→ YOUR GOAL: Using the data below, restate exactly every line from the one with "Мощная трехкомпонентная рукоятка" up to and including the one with "For parts, no". No picture belongs in it.

→ DATASET EXCERPTS:

|---|

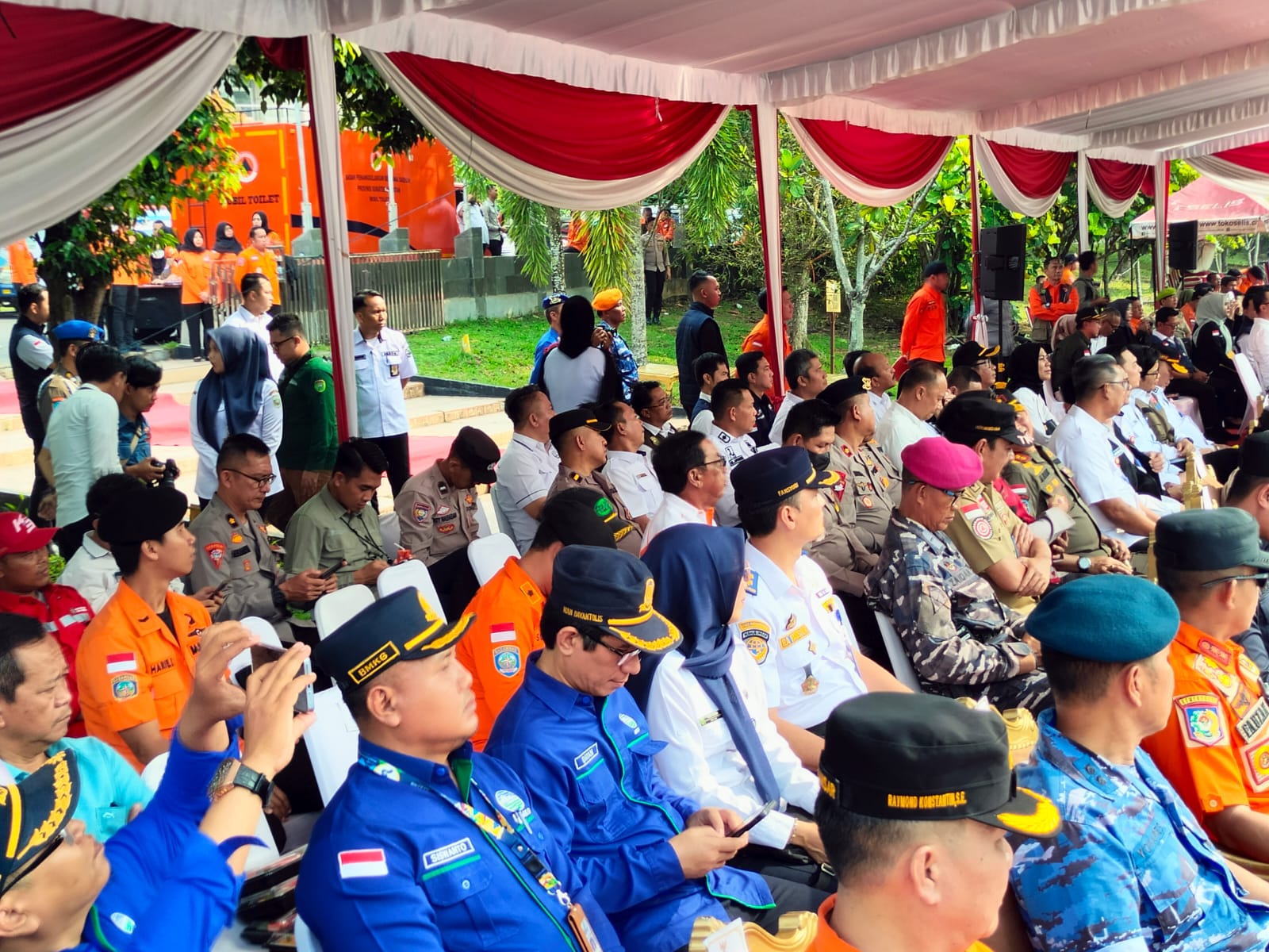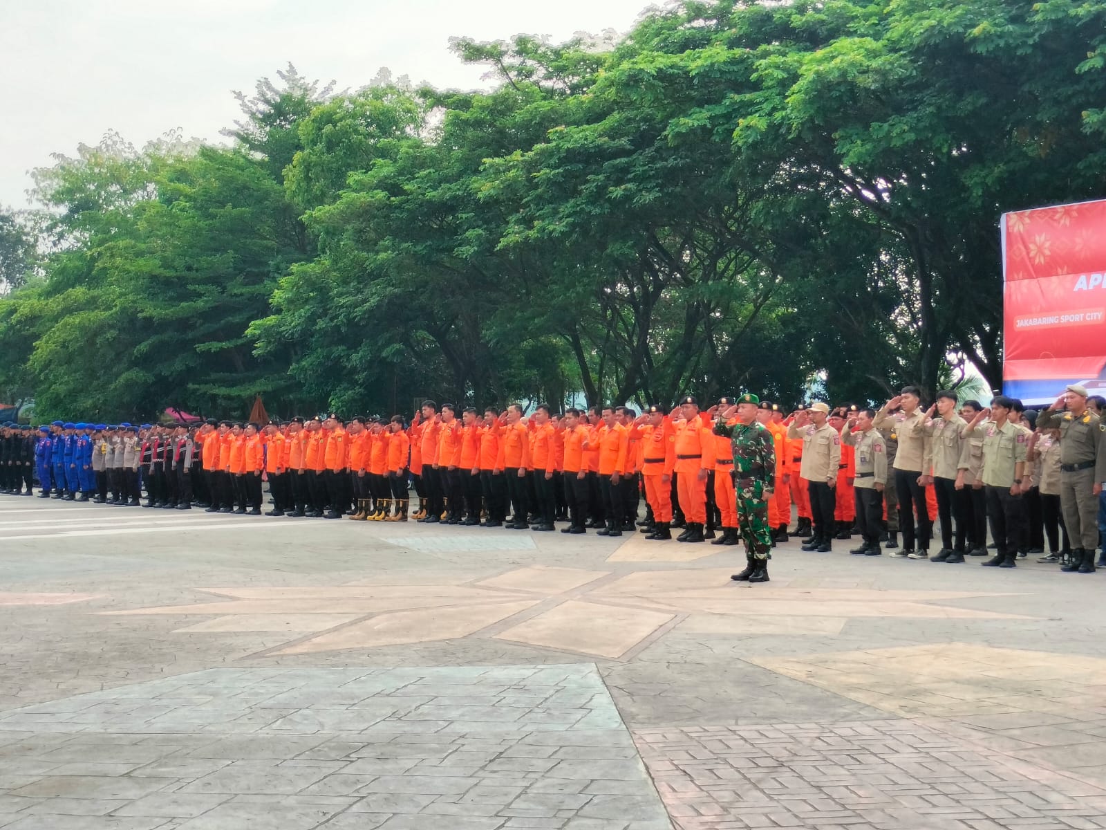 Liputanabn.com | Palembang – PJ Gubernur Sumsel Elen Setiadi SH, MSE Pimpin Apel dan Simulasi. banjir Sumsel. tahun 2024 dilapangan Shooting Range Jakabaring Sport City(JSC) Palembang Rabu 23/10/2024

|---|

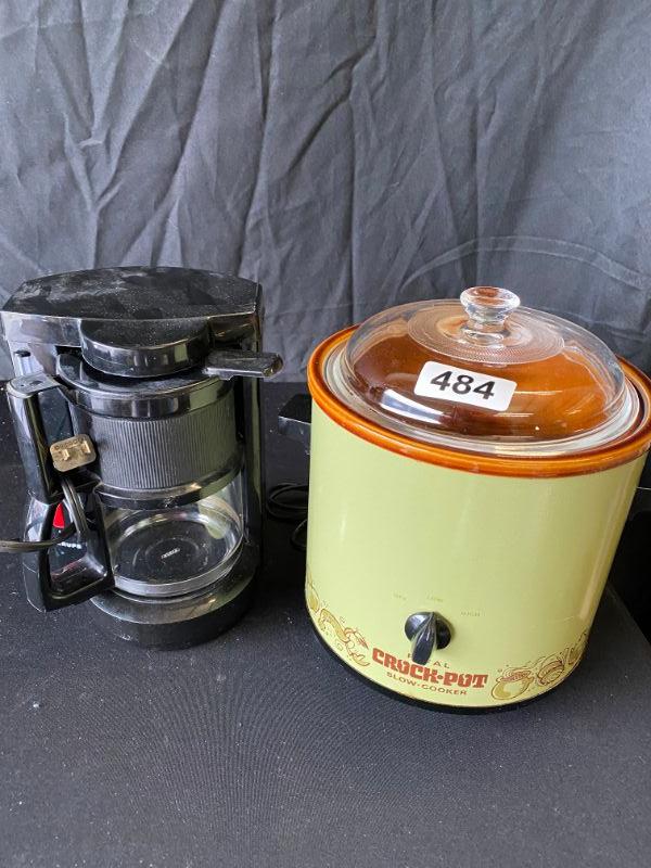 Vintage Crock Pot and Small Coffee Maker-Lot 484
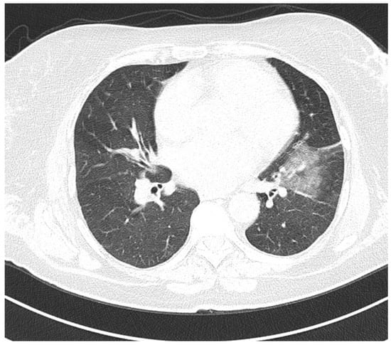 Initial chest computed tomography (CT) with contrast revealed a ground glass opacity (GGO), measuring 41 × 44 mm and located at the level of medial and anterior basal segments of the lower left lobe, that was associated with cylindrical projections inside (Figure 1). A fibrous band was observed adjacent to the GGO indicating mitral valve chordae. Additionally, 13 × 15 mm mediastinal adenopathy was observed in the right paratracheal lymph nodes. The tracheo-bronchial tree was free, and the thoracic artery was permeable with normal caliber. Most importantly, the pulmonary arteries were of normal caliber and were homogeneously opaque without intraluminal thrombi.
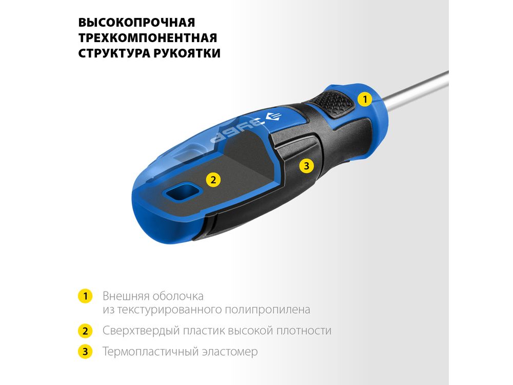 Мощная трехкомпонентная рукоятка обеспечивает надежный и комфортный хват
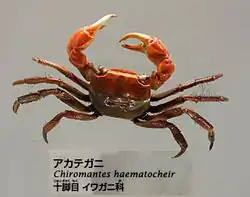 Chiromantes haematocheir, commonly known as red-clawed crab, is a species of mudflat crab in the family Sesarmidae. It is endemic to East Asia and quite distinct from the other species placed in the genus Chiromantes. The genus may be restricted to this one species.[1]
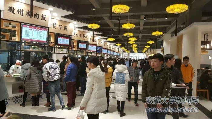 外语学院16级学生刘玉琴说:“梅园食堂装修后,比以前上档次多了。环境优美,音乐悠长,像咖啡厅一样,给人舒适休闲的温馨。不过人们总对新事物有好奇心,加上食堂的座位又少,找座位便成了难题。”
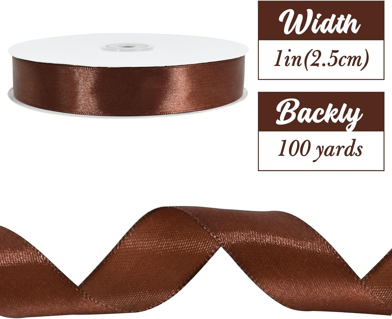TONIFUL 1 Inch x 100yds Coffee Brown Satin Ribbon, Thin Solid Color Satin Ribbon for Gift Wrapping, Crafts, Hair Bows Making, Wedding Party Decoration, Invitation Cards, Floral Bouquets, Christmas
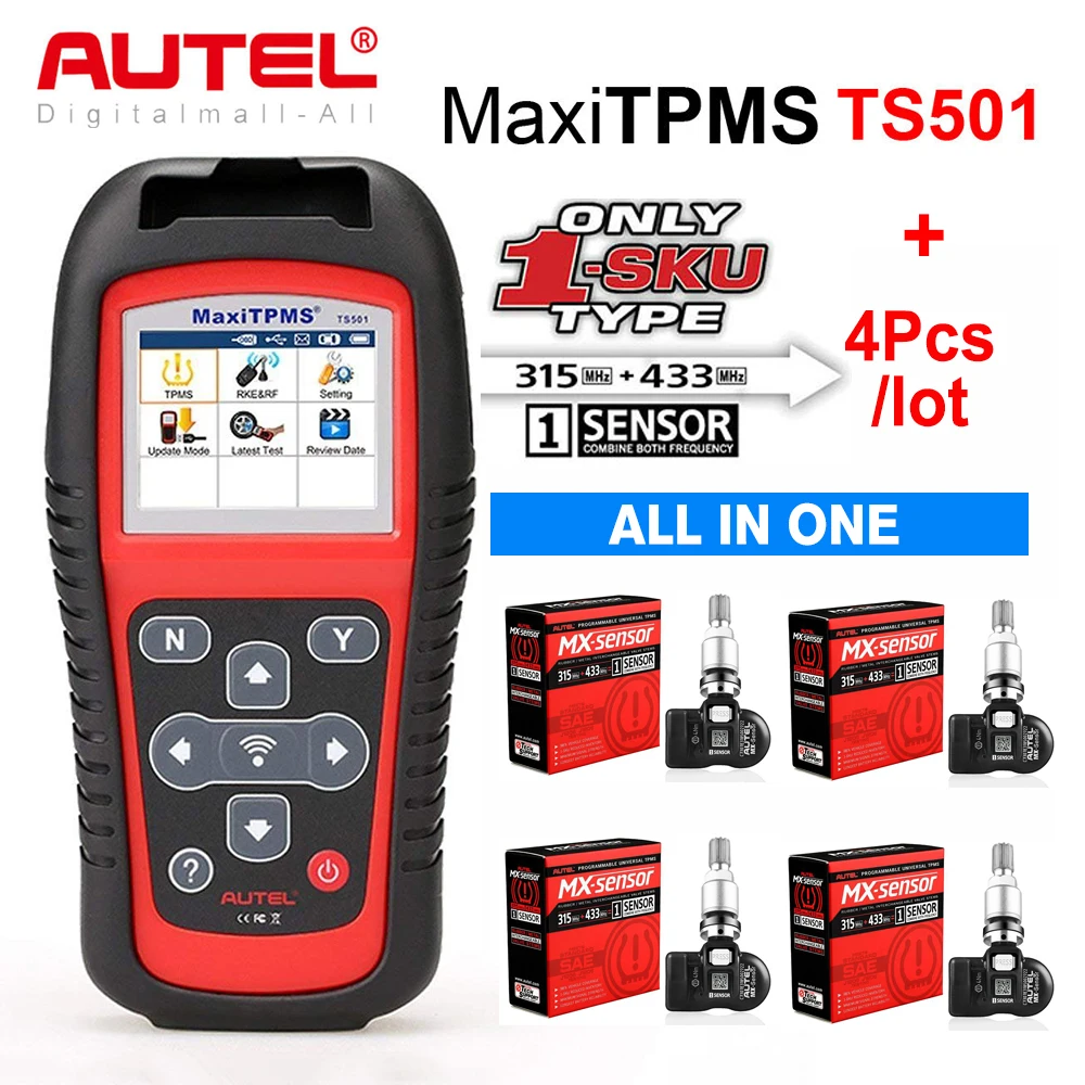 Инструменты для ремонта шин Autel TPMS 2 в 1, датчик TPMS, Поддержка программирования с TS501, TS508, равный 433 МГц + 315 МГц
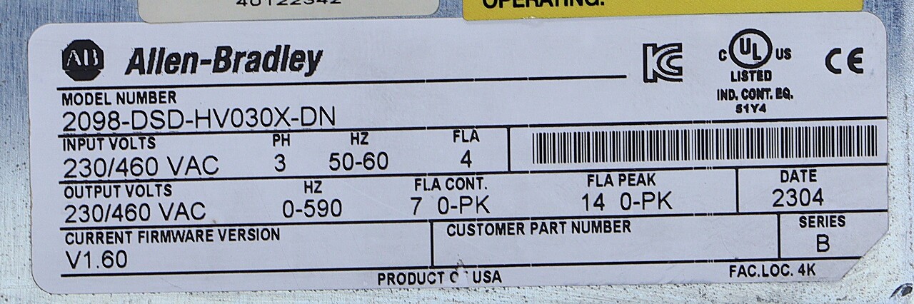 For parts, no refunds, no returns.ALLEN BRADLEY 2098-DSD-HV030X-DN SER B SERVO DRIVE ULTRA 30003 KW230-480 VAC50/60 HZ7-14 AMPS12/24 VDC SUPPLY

|---|

→ REPLY:
 Мощная трехкомпонентная рукоятка обеспечивает надежный и комфортный хват
 Chiromantes haematocheir, commonly known as red-clawed crab, is a species of mudflat crab in the family Sesarmidae. It is endemic to East Asia and quite distinct from the other species placed in the genus Chiromantes. The genus may be restricted to this one species.[1]
 外语学院16级学生刘玉琴说:“梅园食堂装修后,比以前上档次多了。环境优美,音乐悠长,像咖啡厅一样,给人舒适休闲的温馨。不过人们总对新事物有好奇心,加上食堂的座位又少,找座位便成了难题。”
TONIFUL 1 Inch x 100yds Coffee Brown Satin Ribbon, Thin Solid Color Satin Ribbon for Gift Wrapping, Crafts, Hair Bows Making, Wedding Party Decoration, Invitation Cards, Floral Bouquets, Christmas
 Инструменты для ремонта шин Autel TPMS 2 в 1, датчик TPMS, Поддержка программирования с TS501, TS508, равный 433 МГц + 315 МГц
 For parts, no refunds, no returns.ALLEN BRADLEY 2098-DSD-HV030X-DN SER B SERVO DRIVE ULTRA 30003 KW230-480 VAC50/60 HZ7-14 AMPS12/24 VDC SUPPLY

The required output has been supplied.